<<<<

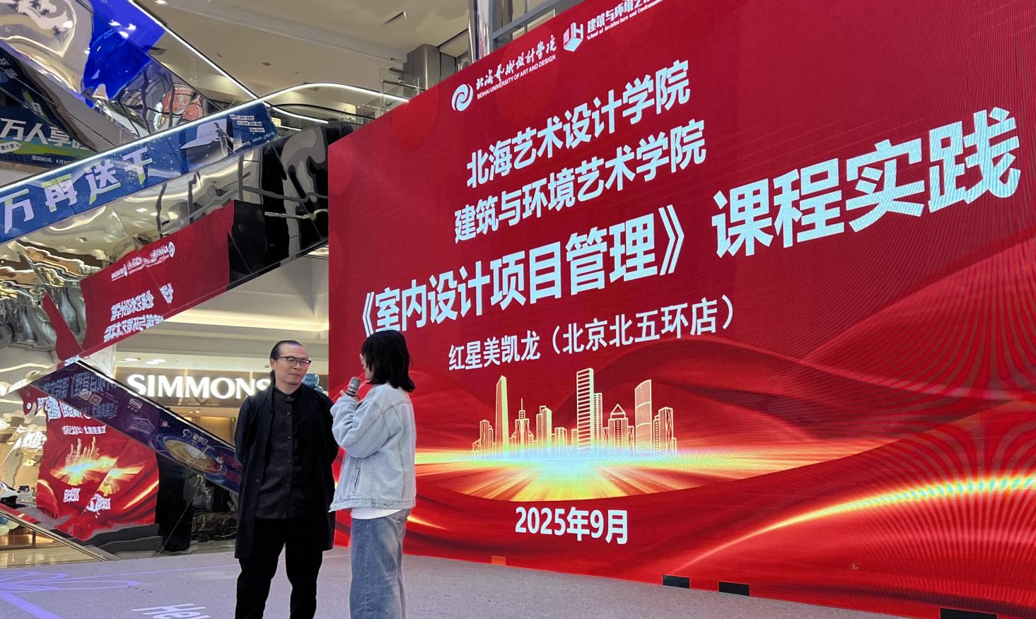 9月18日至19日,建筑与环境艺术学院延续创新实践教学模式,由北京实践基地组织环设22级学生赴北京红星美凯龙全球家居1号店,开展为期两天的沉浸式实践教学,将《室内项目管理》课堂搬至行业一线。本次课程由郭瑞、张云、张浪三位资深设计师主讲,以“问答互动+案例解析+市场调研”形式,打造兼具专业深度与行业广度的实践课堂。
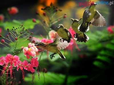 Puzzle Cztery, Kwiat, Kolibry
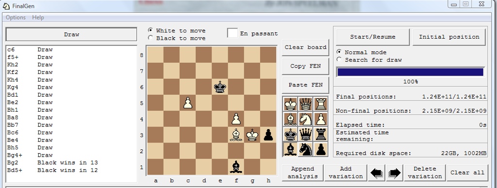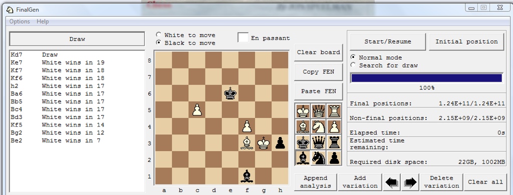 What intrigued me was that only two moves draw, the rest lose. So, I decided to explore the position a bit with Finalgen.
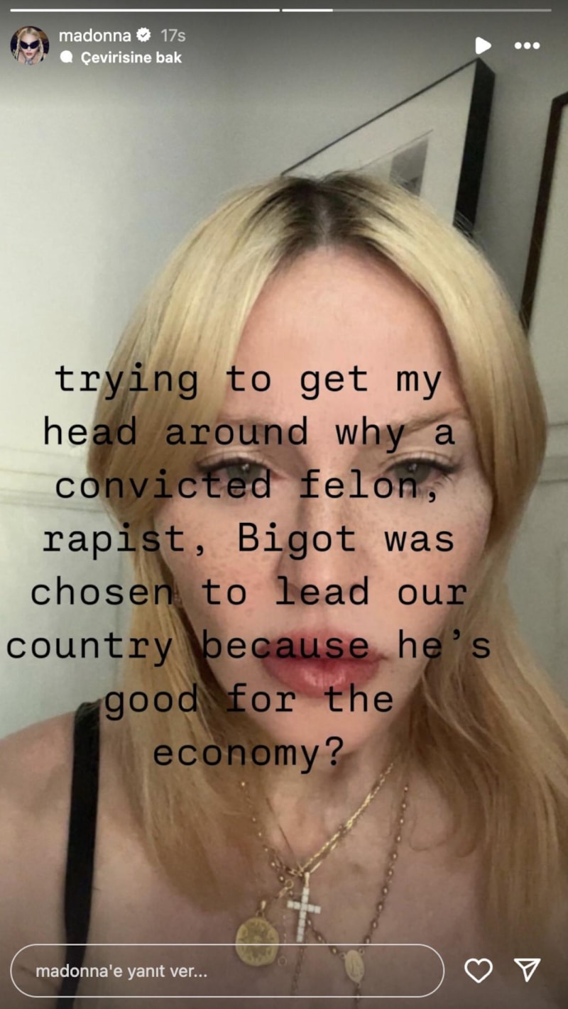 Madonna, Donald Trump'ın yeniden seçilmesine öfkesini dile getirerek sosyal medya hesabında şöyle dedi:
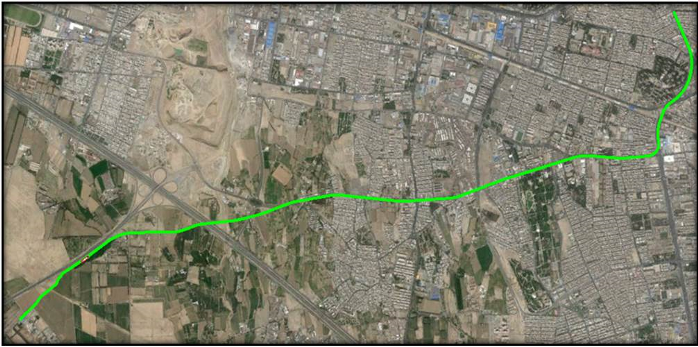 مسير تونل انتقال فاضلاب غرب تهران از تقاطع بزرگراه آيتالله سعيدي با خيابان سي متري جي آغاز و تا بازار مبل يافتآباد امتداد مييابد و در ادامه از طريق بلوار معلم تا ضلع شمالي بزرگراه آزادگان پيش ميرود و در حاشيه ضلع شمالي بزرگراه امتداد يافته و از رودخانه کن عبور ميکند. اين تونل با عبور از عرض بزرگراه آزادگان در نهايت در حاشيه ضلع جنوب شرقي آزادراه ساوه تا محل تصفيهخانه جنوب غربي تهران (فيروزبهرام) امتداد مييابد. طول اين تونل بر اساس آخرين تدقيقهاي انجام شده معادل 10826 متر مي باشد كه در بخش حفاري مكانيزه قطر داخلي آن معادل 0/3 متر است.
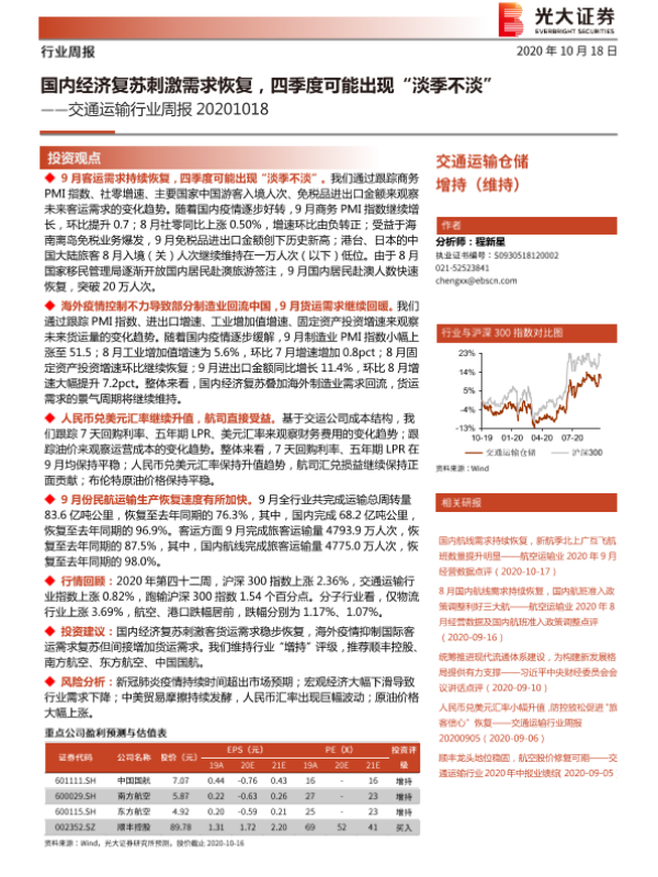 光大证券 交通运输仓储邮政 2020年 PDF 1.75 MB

>>>>
<<<<

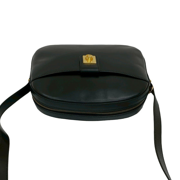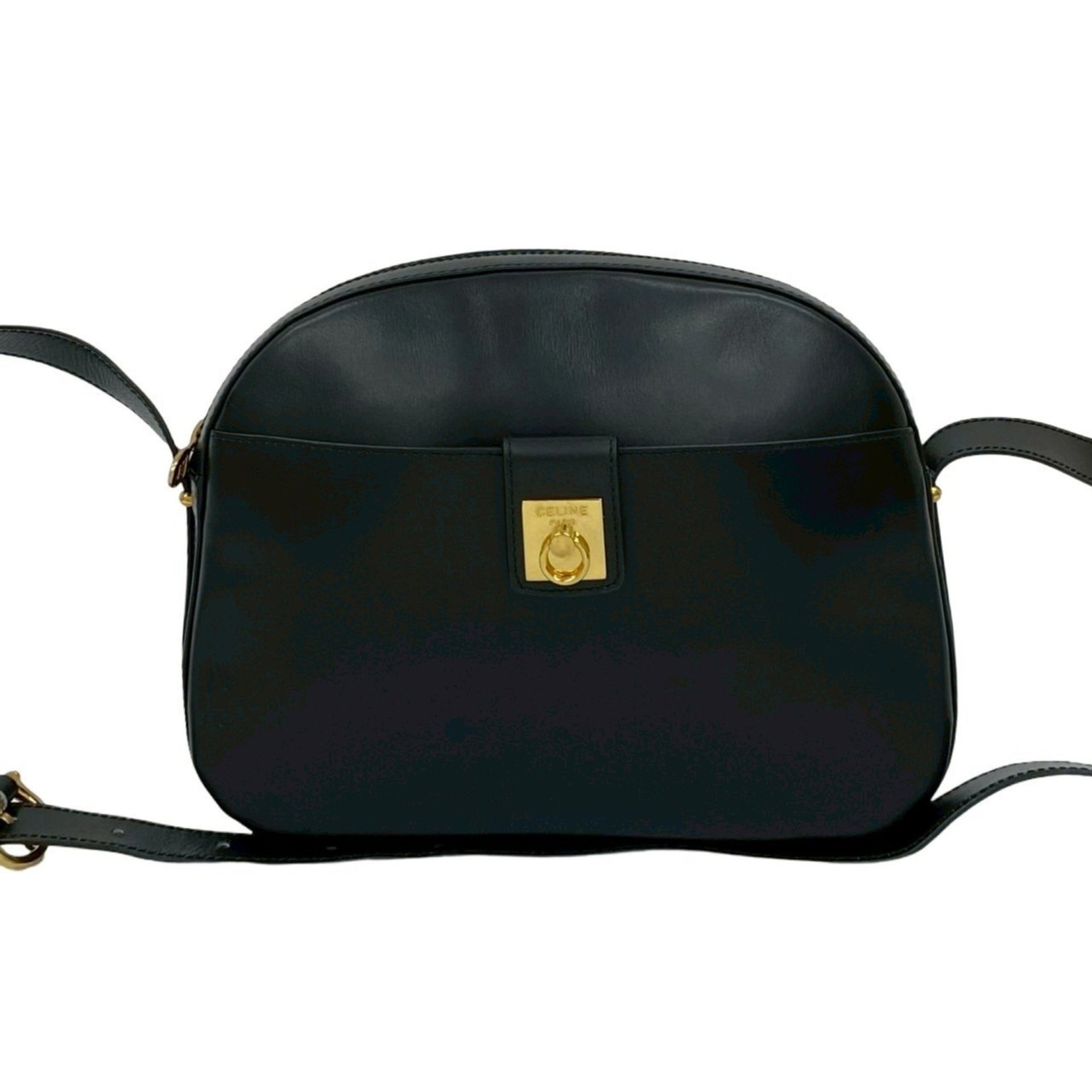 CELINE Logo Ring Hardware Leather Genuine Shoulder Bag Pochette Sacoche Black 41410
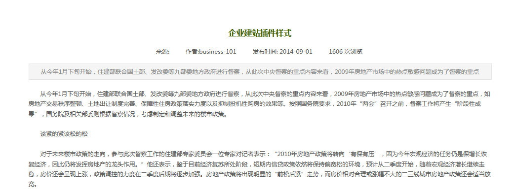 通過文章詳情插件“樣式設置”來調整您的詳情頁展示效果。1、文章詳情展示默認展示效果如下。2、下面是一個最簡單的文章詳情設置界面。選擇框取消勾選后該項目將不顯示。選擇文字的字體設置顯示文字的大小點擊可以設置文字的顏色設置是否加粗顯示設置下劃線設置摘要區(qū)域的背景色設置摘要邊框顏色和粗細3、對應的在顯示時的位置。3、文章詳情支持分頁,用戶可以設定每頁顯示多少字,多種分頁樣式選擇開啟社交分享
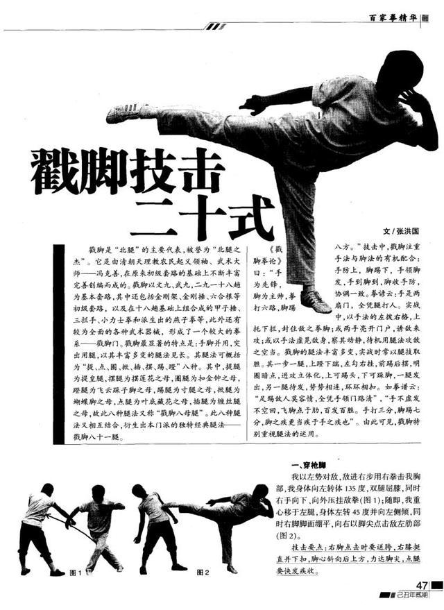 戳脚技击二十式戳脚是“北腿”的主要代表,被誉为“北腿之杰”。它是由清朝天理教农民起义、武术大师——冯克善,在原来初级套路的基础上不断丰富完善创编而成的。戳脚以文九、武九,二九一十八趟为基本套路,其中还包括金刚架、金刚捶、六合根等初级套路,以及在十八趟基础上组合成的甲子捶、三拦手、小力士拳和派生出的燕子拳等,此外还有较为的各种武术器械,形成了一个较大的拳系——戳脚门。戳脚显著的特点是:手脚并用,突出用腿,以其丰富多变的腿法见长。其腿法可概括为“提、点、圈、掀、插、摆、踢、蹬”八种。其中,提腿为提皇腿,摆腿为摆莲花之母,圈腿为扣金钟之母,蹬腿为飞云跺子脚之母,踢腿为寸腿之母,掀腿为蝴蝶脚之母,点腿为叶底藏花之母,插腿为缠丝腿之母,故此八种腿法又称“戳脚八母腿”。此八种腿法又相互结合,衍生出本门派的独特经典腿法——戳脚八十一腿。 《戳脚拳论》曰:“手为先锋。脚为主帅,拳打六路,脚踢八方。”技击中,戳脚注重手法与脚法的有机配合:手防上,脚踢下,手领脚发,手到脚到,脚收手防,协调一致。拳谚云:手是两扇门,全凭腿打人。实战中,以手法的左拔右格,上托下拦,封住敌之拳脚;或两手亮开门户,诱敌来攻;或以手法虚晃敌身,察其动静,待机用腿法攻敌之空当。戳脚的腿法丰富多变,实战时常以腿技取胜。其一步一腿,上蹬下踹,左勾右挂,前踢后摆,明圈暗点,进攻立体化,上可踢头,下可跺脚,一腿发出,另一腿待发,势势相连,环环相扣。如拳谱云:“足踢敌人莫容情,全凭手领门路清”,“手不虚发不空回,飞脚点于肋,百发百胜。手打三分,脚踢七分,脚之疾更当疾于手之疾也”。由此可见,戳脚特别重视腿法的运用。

>>>>

● **EXERCISE REQUIREMENTS**
Would you write out exactly the lines above, starting at the line containing "9月18日至19日,建筑与环" and stopping after the line containing "光大证券 交通运输仓储邮政 2020年 PDF 1.75 MB"? Omit the pictures.

● **TASK ANSWER**
 9月18日至19日,建筑与环境艺术学院延续创新实践教学模式,由北京实践基地组织环设22级学生赴北京红星美凯龙全球家居1号店,开展为期两天的沉浸式实践教学,将《室内项目管理》课堂搬至行业一线。本次课程由郭瑞、张云、张浪三位资深设计师主讲,以“问答互动+案例解析+市场调研”形式,打造兼具专业深度与行业广度的实践课堂。
 Puzzle Cztery, Kwiat, Kolibry
 What intrigued me was that only two moves draw, the rest lose. So, I decided to explore the position a bit with Finalgen.
 Madonna, Donald Trump'ın yeniden seçilmesine öfkesini dile getirerek sosyal medya hesabında şöyle dedi:
 مسير تونل انتقال فاضلاب غرب تهران از تقاطع بزرگراه آيتالله سعيدي با خيابان سي متري جي آغاز و تا بازار مبل يافتآباد امتداد مييابد و در ادامه از طريق بلوار معلم تا ضلع شمالي بزرگراه آزادگان پيش ميرود و در حاشيه ضلع شمالي بزرگراه امتداد يافته و از رودخانه کن عبور ميکند. اين تونل با عبور از عرض بزرگراه آزادگان در نهايت در حاشيه ضلع جنوب شرقي آزادراه ساوه تا محل تصفيهخانه جنوب غربي تهران (فيروزبهرام) امتداد مييابد. طول اين تونل بر اساس آخرين تدقيقهاي انجام شده معادل 10826 متر مي باشد كه در بخش حفاري مكانيزه قطر داخلي آن معادل 0/3 متر است.
 光大证券 交通运输仓储邮政 2020年 PDF 1.75 MB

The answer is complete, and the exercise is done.